*Instructions for the task*
Because the pictures are not wanted, give back only the exact text of every entry below.

*Excerpted data*
◆ ◆ ◆

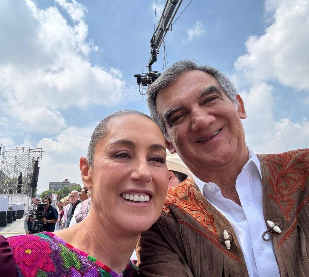El gobernador de Tamaulipas, Américo Villarreal Anaya, acompañado por la doctora María de Villarreal, presidenta del Sistema DIF Tamaulipas, atestiguó el mensaje de la presidenta Claudia Sheinbaum Pardo, con motivo de su primer año de gobierno pronunciado en el Zócalo capitalino.
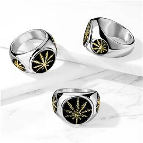 Pánský ocelový prsten lit marihuany
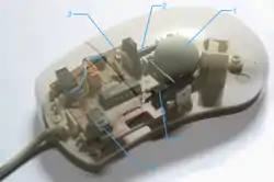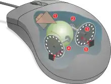 ويعتمد في التعرف على حركة الفأرة على كرة داخل الفأرة تدور مع حركة الفأرة وتؤثر حركتها على ترسين صغيرين متعامدين.
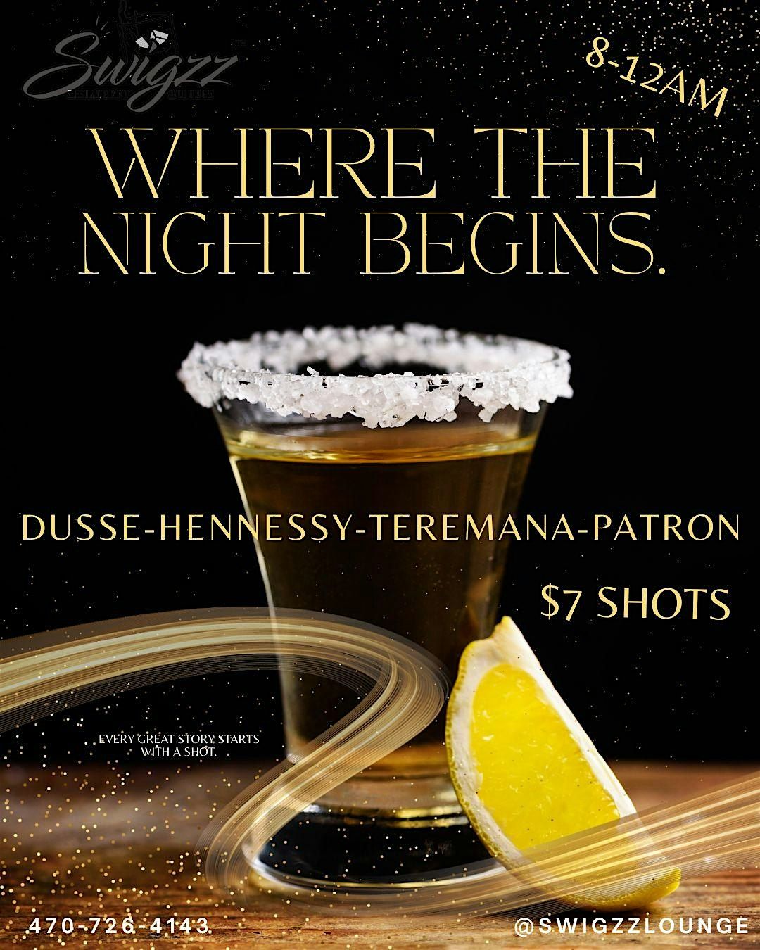 Where weeknights feel like weekends - $7 top-shelf favorites. Because the party doesn’t wait for Friday! Monday - Thursday 8-12. Dusse - Teremana Repo Silver - Hennessy - Patron Silver
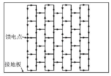 栅格阵列是由栅格单元组成的阵列天线。如图1所示,采用金属导体作为矩形栅格单元,每个矩形单元长为λ0/2,宽为λ0/4.该阵列平行置于接地板上,接地板到到栅格阵列的距离约为λ0/4.整个阵列的馈电很简单,用50 Ω同轴电缆的内导体穿过接地板上的孔接于栅格阵列,外导体则焊接在接地板上。图中箭头表示瞬时电流分布,栅格单元的所有短边上电流相位都保持一致,为主要辐射单元。25个主辐射单元可以实现增益18.1dBi.
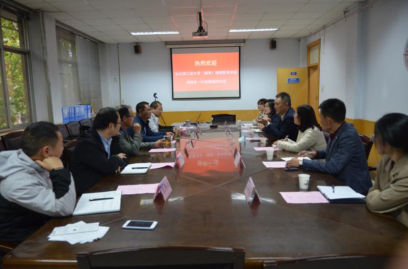 新工科专业建设的关心和支持。胡建军介绍了学院学科建设、本科教学以及专业建设等方面的整体情况,并表示通过此次调研交流将进一步推进学院新工科专业建设和发展。冯英涛介绍了哈尔滨工业大学(威海)继续教育学院的整体情况,并希望双方在新工科建设方面进一步加强交流,在合作中实现共赢。
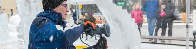 Experience the artistry of winter in real time as 3 award-winning ice carvers transform crystal-clear blocks of ice into stunning Winter Olympic inspired sculptures.
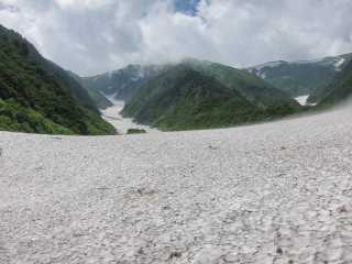 午後は猛暑に苦労し・・・ 雪で顔を冷やしたら気持いい。
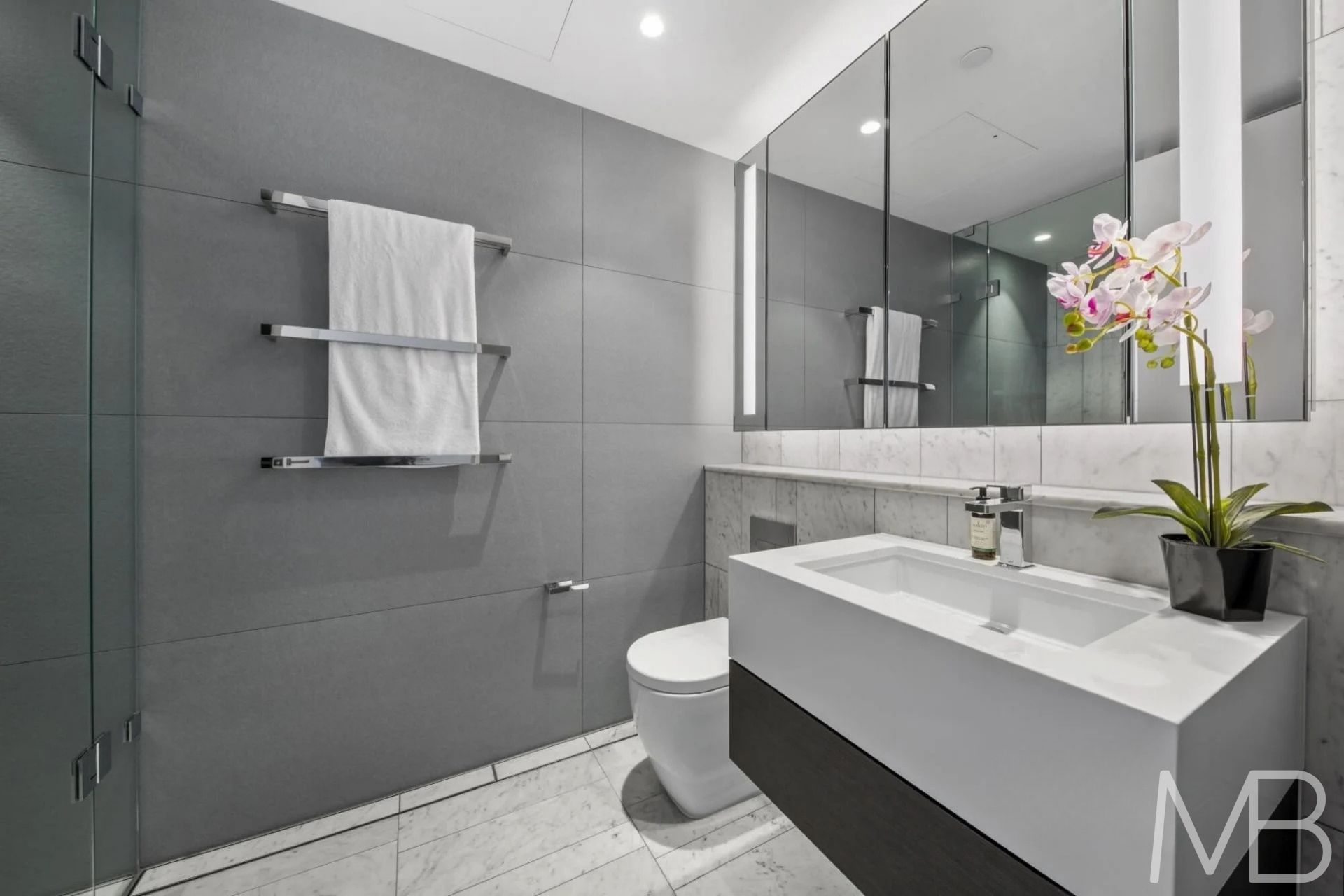 Luxurious bathroom with high-end fittings and mirrored cabinetry
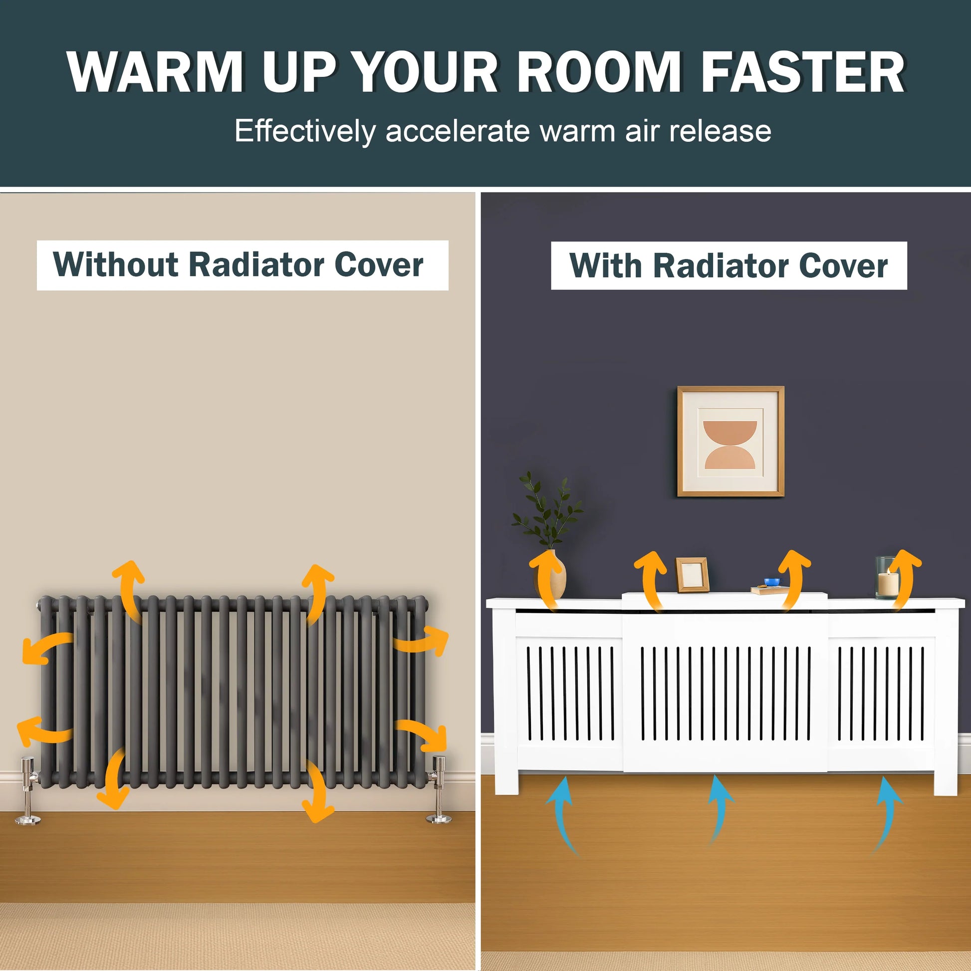 Crafted from medium density fiberboard (MDF), this adjustable radiator cover comes with a unique adjustable design that adapts to various sizes while enhancing the aesthetics.
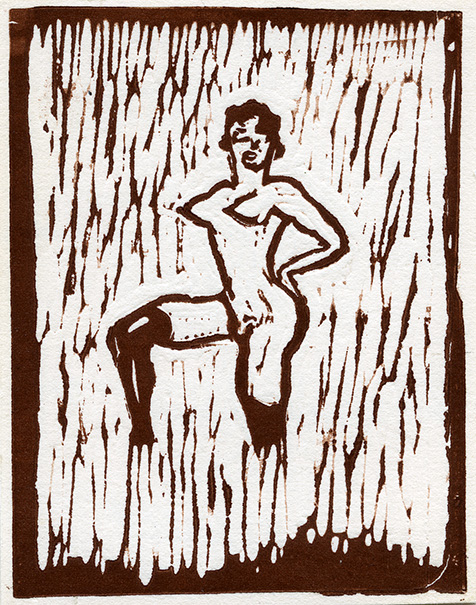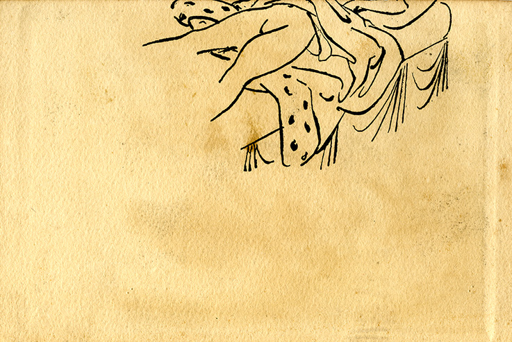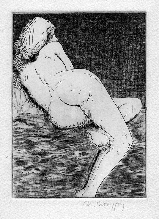 En démontant le cadre, j’ai découvert qu’au dos de l’épreuve – imprimée sur papier de récupération- il y avait la moitié d’un dessin de nu que je publie ici en exclusivité:
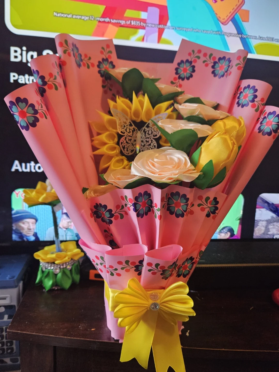 This adorable handmade crochet set includes a baby dress, a matching hat, and a headband. It features a soft pink and white striped design with delicate yellow flower accents. The dress has a white ruffled skirt adorned with yellow flowers and a yellow lace trim. Perfect for a baby shower gift or special occasion!

◆ ◆ ◆

*Output for this exercise*
El gobernador de Tamaulipas, Américo Villarreal Anaya, acompañado por la doctora María de Villarreal, presidenta del Sistema DIF Tamaulipas, atestiguó el mensaje de la presidenta Claudia Sheinbaum Pardo, con motivo de su primer año de gobierno pronunciado en el Zócalo capitalino.
 Pánský ocelový prsten lit marihuany
 ويعتمد في التعرف على حركة الفأرة على كرة داخل الفأرة تدور مع حركة الفأرة وتؤثر حركتها على ترسين صغيرين متعامدين.
 Where weeknights feel like weekends - $7 top-shelf favorites. Because the party doesn’t wait for Friday! Monday - Thursday 8-12. Dusse - Teremana Repo Silver - Hennessy - Patron Silver
 栅格阵列是由栅格单元组成的阵列天线。如图1所示,采用金属导体作为矩形栅格单元,每个矩形单元长为λ0/2,宽为λ0/4.该阵列平行置于接地板上,接地板到到栅格阵列的距离约为λ0/4.整个阵列的馈电很简单,用50 Ω同轴电缆的内导体穿过接地板上的孔接于栅格阵列,外导体则焊接在接地板上。图中箭头表示瞬时电流分布,栅格单元的所有短边上电流相位都保持一致,为主要辐射单元。25个主辐射单元可以实现增益18.1dBi.
 新工科专业建设的关心和支持。胡建军介绍了学院学科建设、本科教学以及专业建设等方面的整体情况,并表示通过此次调研交流将进一步推进学院新工科专业建设和发展。冯英涛介绍了哈尔滨工业大学(威海)继续教育学院的整体情况,并希望双方在新工科建设方面进一步加强交流,在合作中实现共赢。
 Experience the artistry of winter in real time as 3 award-winning ice carvers transform crystal-clear blocks of ice into stunning Winter Olympic inspired sculptures.
 午後は猛暑に苦労し・・・ 雪で顔を冷やしたら気持いい。
 Luxurious bathroom with high-end fittings and mirrored cabinetry
 Crafted from medium density fiberboard (MDF), this adjustable radiator cover comes with a unique adjustable design that adapts to various sizes while enhancing the aesthetics.
 En démontant le cadre, j’ai découvert qu’au dos de l’épreuve – imprimée sur papier de récupération- il y avait la moitié d’un dessin de nu que je publie ici en exclusivité:
 This adorable handmade crochet set includes a baby dress, a matching hat, and a headband. It features a soft pink and white striped design with delicate yellow flower accents. The dress has a white ruffled skirt adorned with yellow flowers and a yellow lace trim. Perfect for a baby shower gift or special occasion!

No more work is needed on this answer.